**TASK DESCRIPTION**: Pictures stay out of the copy. Repeat exactly the lines from the first entry below through the line that contains "Číslo domovní 9, (127x1.5mm), s", and nothing beyond.

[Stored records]
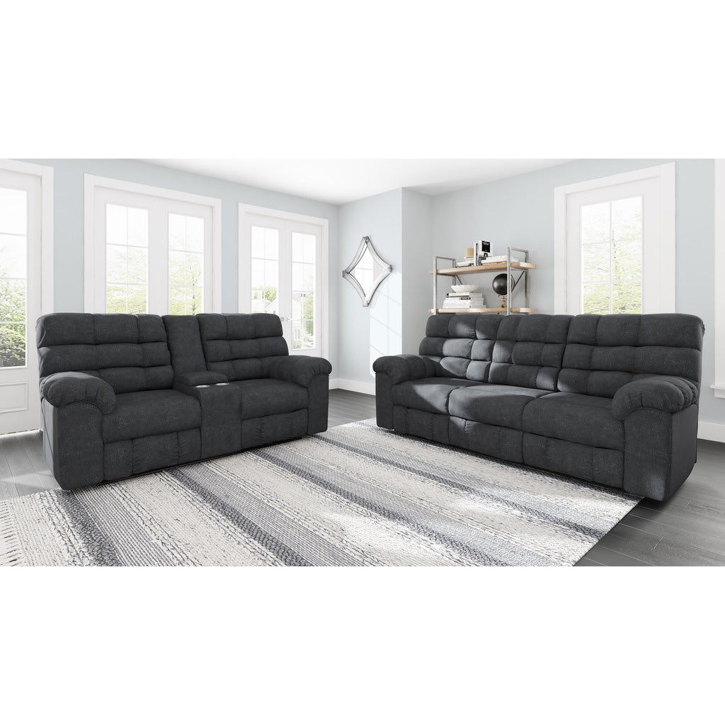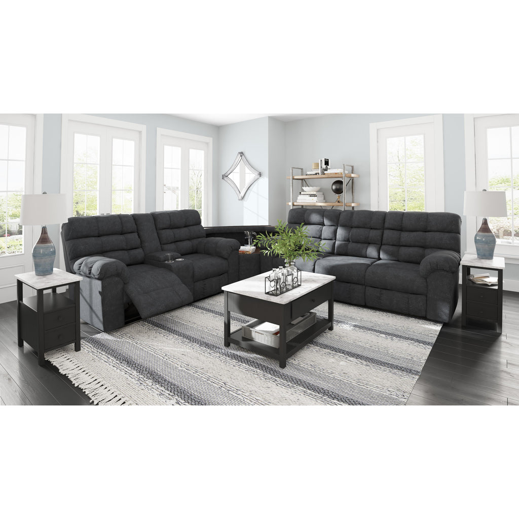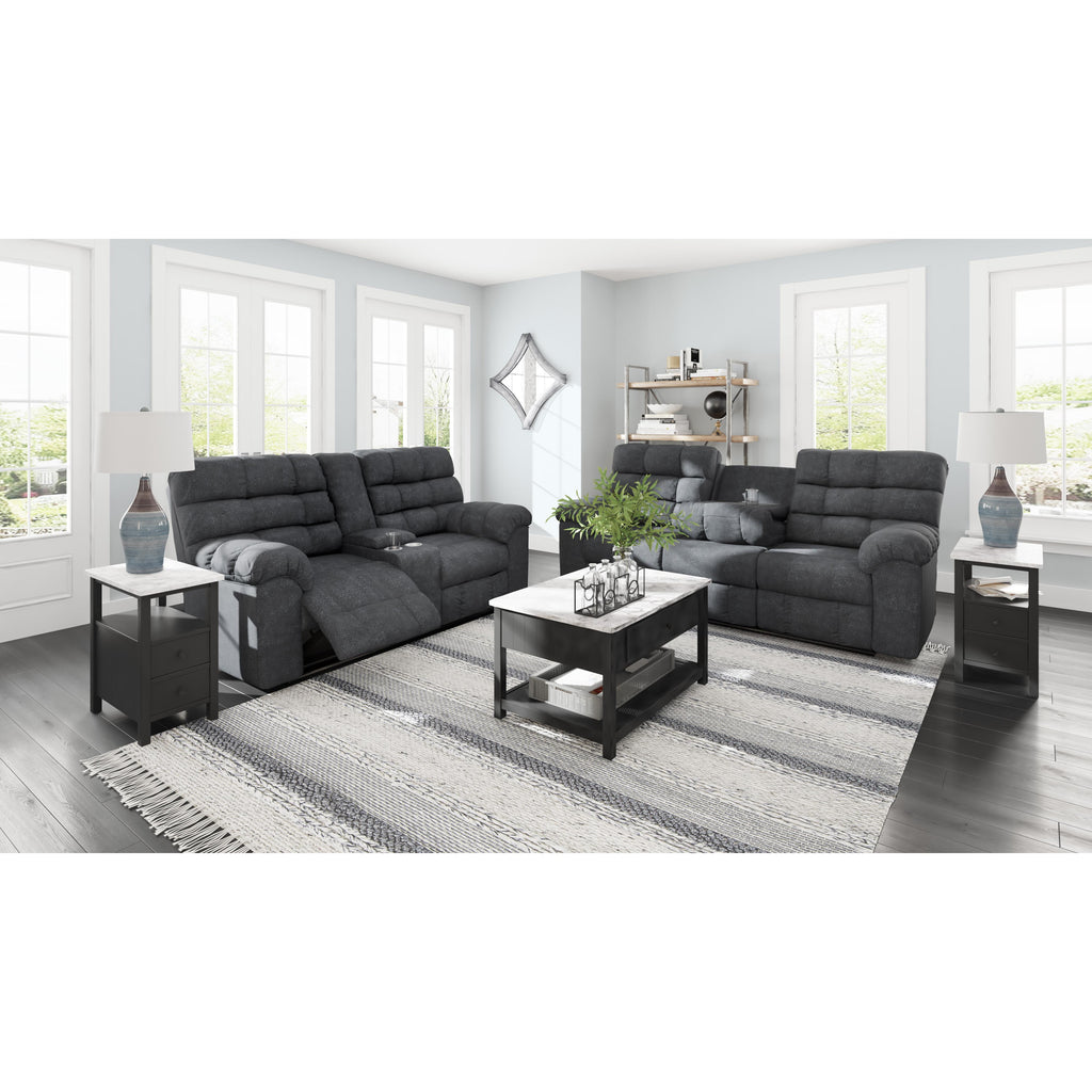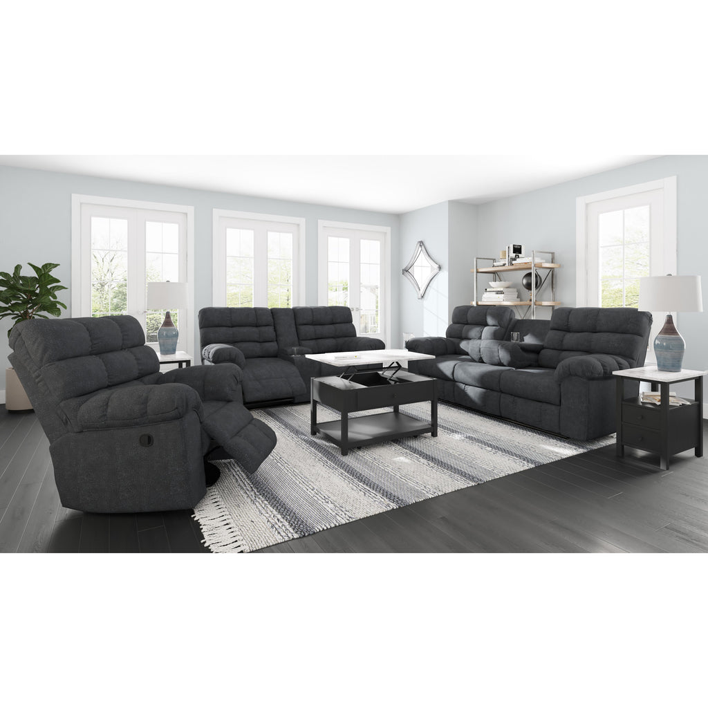Adoptez le confort et le style ultimes. Ce canapé inclinable est recouvert d’un tissu bleu-gris réconfortant, embelli par des coutures plissées et un capitonnage à dos biscuit. Sa table déroulante avec porte-gobelets ajoute des fonctionnalités. Les accoudoirs séduisants et généreusement rembourrés du canapé rendent la scène encore plus onirique.
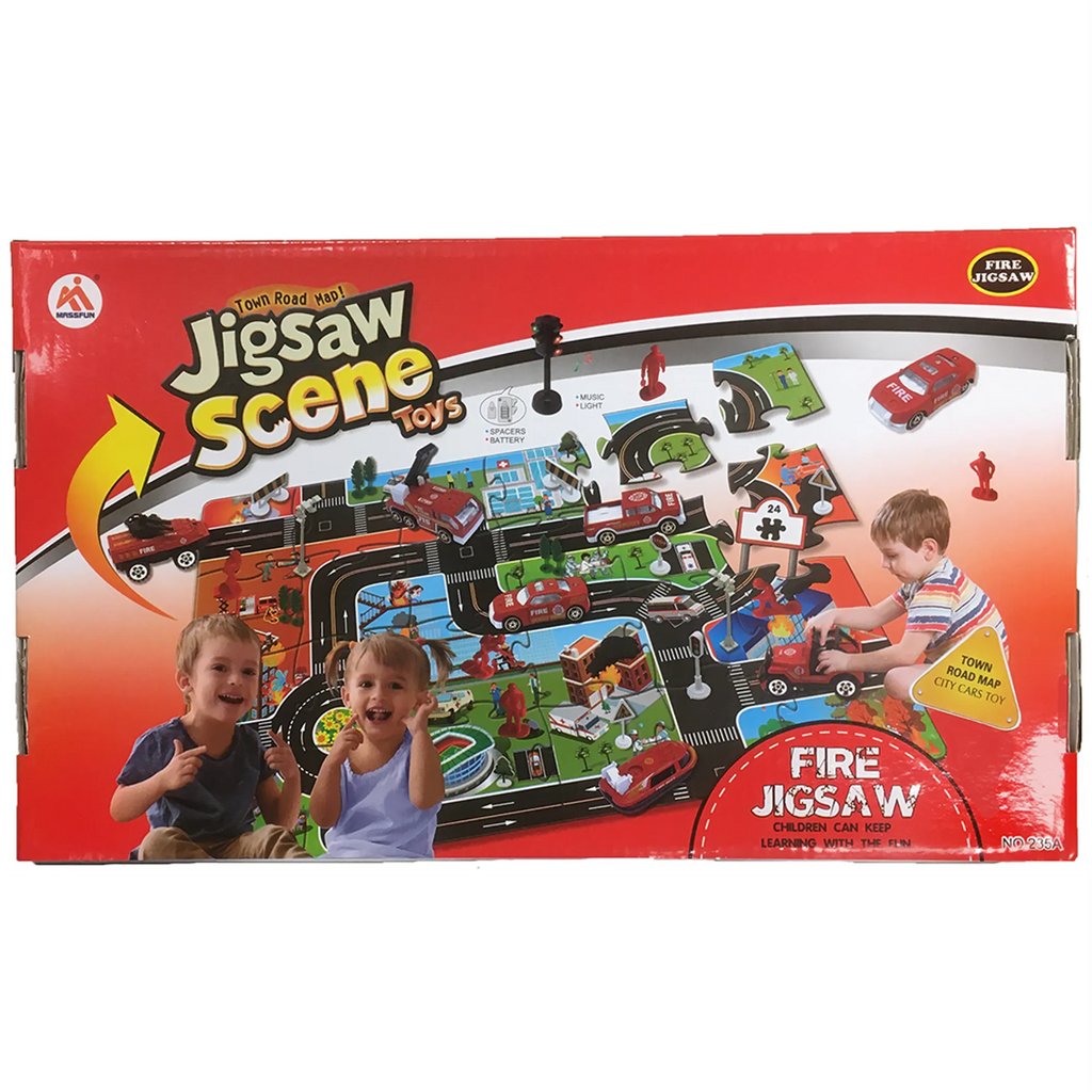 This floor puzzle comes with large jigsaw puzzle pieces, fire vehicles, and a variety of sign accessories! Assembled size 35" length by 23.2".
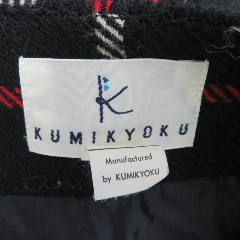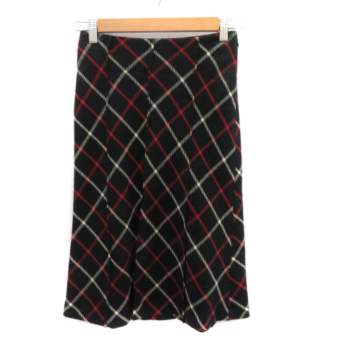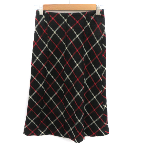 クミキョク 組曲 KUMIKYOKU フレアスカート ミモレ丈 チェック柄 ウール 1 マルチカラー 黒 ブラック /YK17 レディース
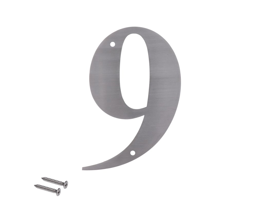 Číslo domovní 9, (127x1.5mm), s dírami, broušená nerez K320 / AISI 304
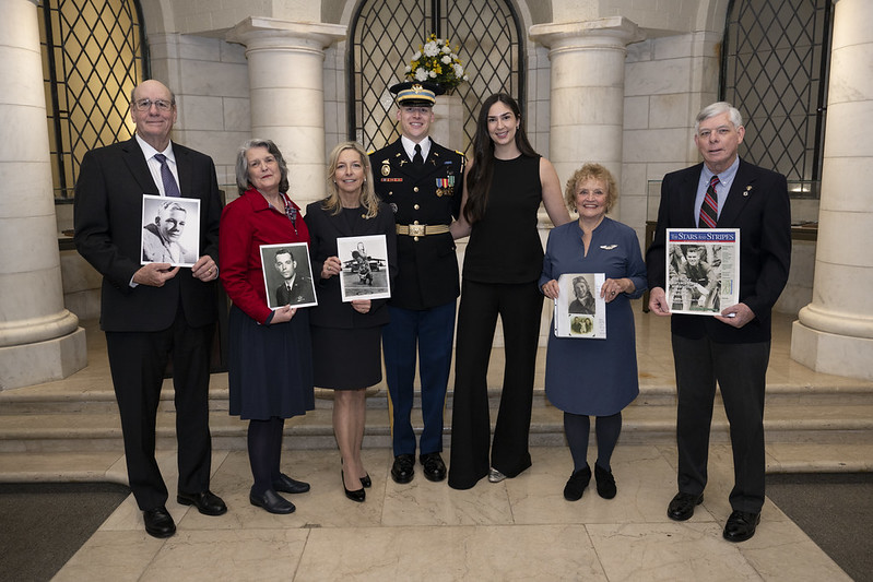 Shine spoke about searching to find her father, U.S. Air Force Lt. Col. Anthony C. Shine, whose aircraft went missing over the Laos-South Vietnam border in 1972; he was identified and buried at Arlington National Cemetery in 1996. Shine then introduced other Gold Star family members (those with family who died or went missing in the line of duty) in the audience. Each stood, held a photograph of a loved one in uniform, stated the name of the person in the photo, and described their actions and what led to their disappearance.
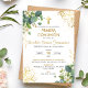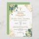 Mit dieser Einladung laden Sie die Liebsten ein, die Erste Kommunion Ihres Kindes zu feiern, mit grünen Blätter und goldenen Blume. Ideal für Jungen und Mädchen ist es die ideale Wahl für eine katholische heilige Kommunion. Spanisch: Invita a tus seres queridos a star la Primera Comunion de tu hijo/a con esta Einladung.

**SOLUTION TO THE PROBLEM**:
Adoptez le confort et le style ultimes. Ce canapé inclinable est recouvert d’un tissu bleu-gris réconfortant, embelli par des coutures plissées et un capitonnage à dos biscuit. Sa table déroulante avec porte-gobelets ajoute des fonctionnalités. Les accoudoirs séduisants et généreusement rembourrés du canapé rendent la scène encore plus onirique.
 This floor puzzle comes with large jigsaw puzzle pieces, fire vehicles, and a variety of sign accessories! Assembled size 35" length by 23.2".
 クミキョク 組曲 KUMIKYOKU フレアスカート ミモレ丈 チェック柄 ウール 1 マルチカラー 黒 ブラック /YK17 レディース
 Číslo domovní 9, (127x1.5mm), s dírami, broušená nerez K320 / AISI 304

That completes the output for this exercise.